Solve the differential equation for Newton's Law of Cooling to find the temperature function in the following cases. Then answer any additional questions. An iron rod is removed from a blacksmith's forge at a temperature of \(900^{\circ} \mathrm{C}\). Assume \(k=0.02\) and the rod cools in a room with a temperature of \(30^{\circ} \mathrm{C}\). When does the temperature of the rod reach \(100^{\circ} \mathrm{C} ?\)

Short Answer

Expert verified
Answer: The iron rod reaches a temperature of \(100^{\circ} \mathrm{C}\) after approximately \(134.86\) minutes.

Step by step solution

01

Rewrite the differential equation with the given information

Plug in the given values of \(k\) and \(T_a\) into the Newton's Law of Cooling differential equation: $$\frac{dT(t)}{dt} = -0.02(T(t) - 30)$$
02

Separate the variables

To solve this differential equation, we need to separate the variables. To do this, we rearrange the equation: $$\frac{dT(t)}{T(t) - 30} = -0.02 \, dt$$
03

Integrate both sides

Now, we will integrate both sides of the equation with respect to their respective variables: $$\int \frac{dT(t)}{T(t) - 30} = -0.02 \int dt$$ On the left side, we have a simple logarithmic integral: $$\ln|T(t) - 30| = -0.02t + C$$
04

Solve for temperature function T(t)

Now, we will find the temperature function \(T(t)\). First, we will exponentiate both sides of the equation to get: $$T(t) - 30 = e^{-0.02t + C}$$ Notice that we can write \(e^{-0.02t + C} = e^{-0.02t} \cdot e^C\). Since \(e^C\) is another constant, we can define \(A = e^C\) and rewrite the previous expression as: $$T(t) - 30 = Ae^{-0.02t}$$ Then, we solve for \(T(t)\): $$T(t) = 30 + Ae^{-0.02t}$$
05

Solve for A using the initial temperature condition

We are given that \(T(0) = 900^{\circ} \mathrm{C}\). Plugging this into our expression for \(T(t)\): $$900 = 30 + Ae^{-0.02(0)}$$ Solve for A: $$A = 870$$ Thus, the temperature function is given by: $$T(t) = 30 + 870e^{-0.02t}$$
06

Find the time when the temperature reaches \(100^{\circ} \mathrm{C}\)
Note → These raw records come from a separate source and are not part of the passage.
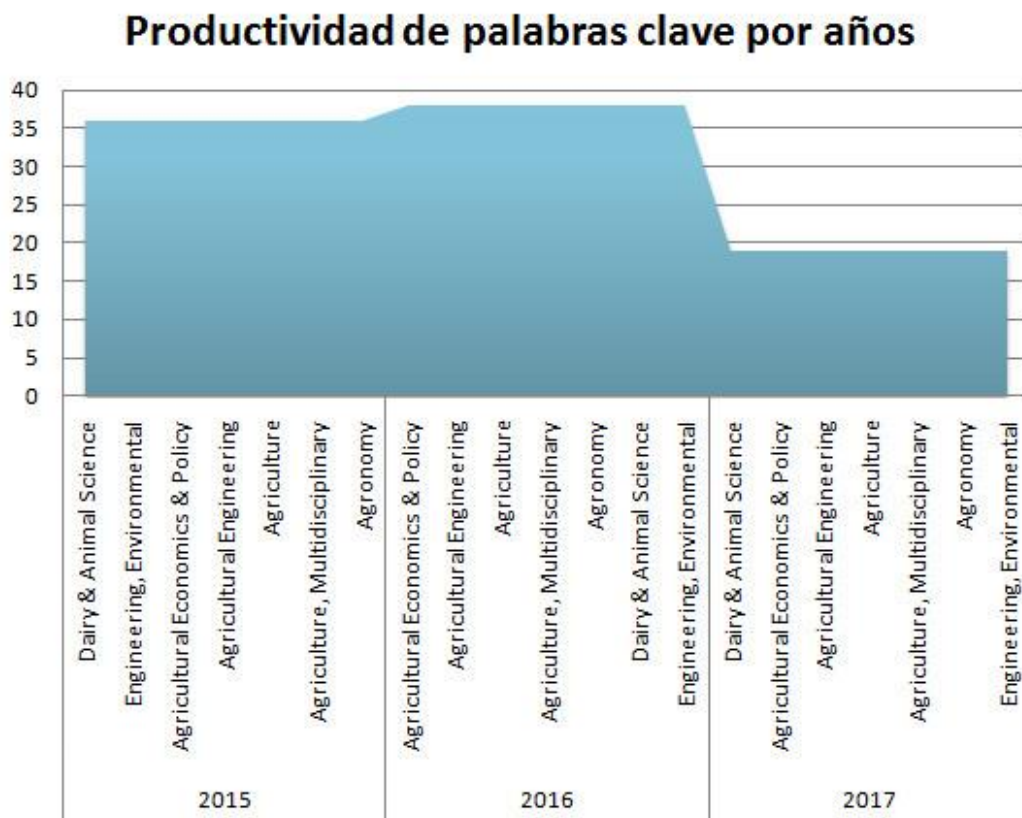
Ilustración 2: Palabras clave más productivas por años (Fuente: elaboración propia).

Se evidencia una coincidencia de palabras clave en todos los años analizados. Los términos refieren a las actuales temáticas de publicación de la revista y fundamentalmente a los aspectos que se relacionan con procesos químicos a partir de la caña de azúcar. Existen dentro de la UCLV una serie de instituciones cuyas investigaciones tributan a las áreas de investigación de la Revista Centro Azúcar. Las principales instituciones son: Departamento de Ingeniería Química, Departamento de Licenciatura en Química, Departamento de Farmacia, Centro de Bioactivos Químicos, Centro de Investigaciones de Química Aplicada, Centro de Biotecnología de las Plantas, Departamento de Ciencia Agropecuarias, Departamento de Ingeniería Agrícola.
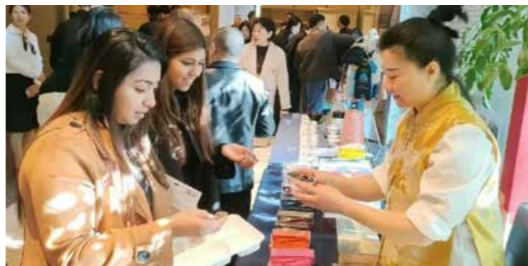
“福品销全球”南平站暨“南平好物卖全球”活动现场

南平的武夷岩茶、茶点、茶器等展品赞不绝口。“希望华侨华人可以把更多中国商品和文化带到南非。”尤文泽表示。
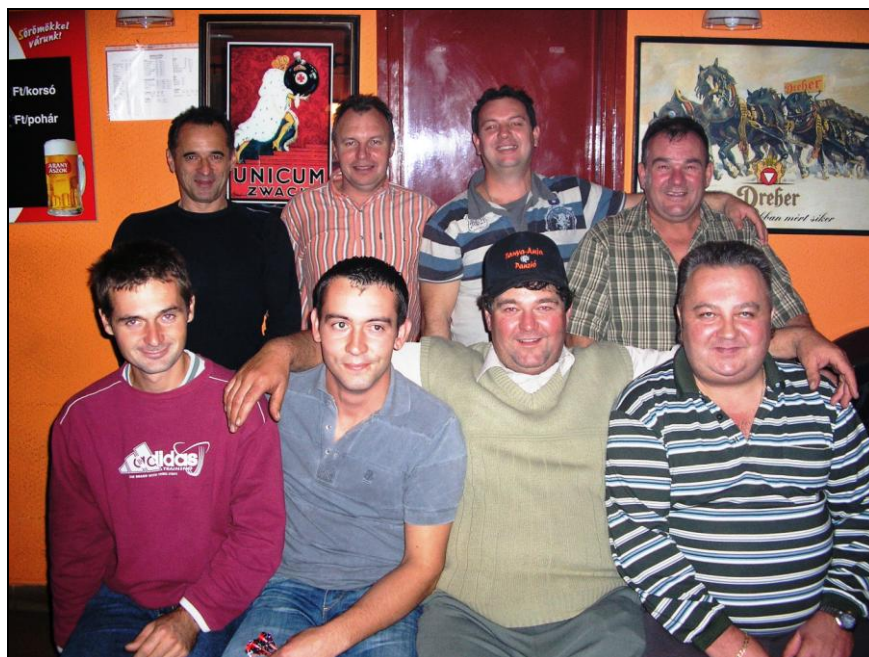
A szegediek az álló, a csengeleiek az ülő sorban

is szereti. A Korona söröző tulajdonosai október 31-re meghívták a régi ellenfeleket, akik megmérkőztek a helyiek képviselővel.

Now, we want to find the time \(t\) when the temperature \(T(t) = 100^{\circ} \mathrm{C}\). Plugging this value into our temperature function: $$100 = 30 + 870e^{-0.02t}$$ Rearrange and solve for \(t\): $$e^{-0.02t} = \frac{70}{870}$$ $$-0.02t = \ln{\frac{70}{870}}$$ $$t = \frac{\ln{\frac{70}{870}}}{-0.02} $$ Now, use a calculator to find the numerical value of \(t\): $$t \approx 134.86 \, \mathrm{minutes}$$ So, the temperature of the rod reaches \(100^{\circ} \mathrm{C}\) after approximately \(134.86\) minutes.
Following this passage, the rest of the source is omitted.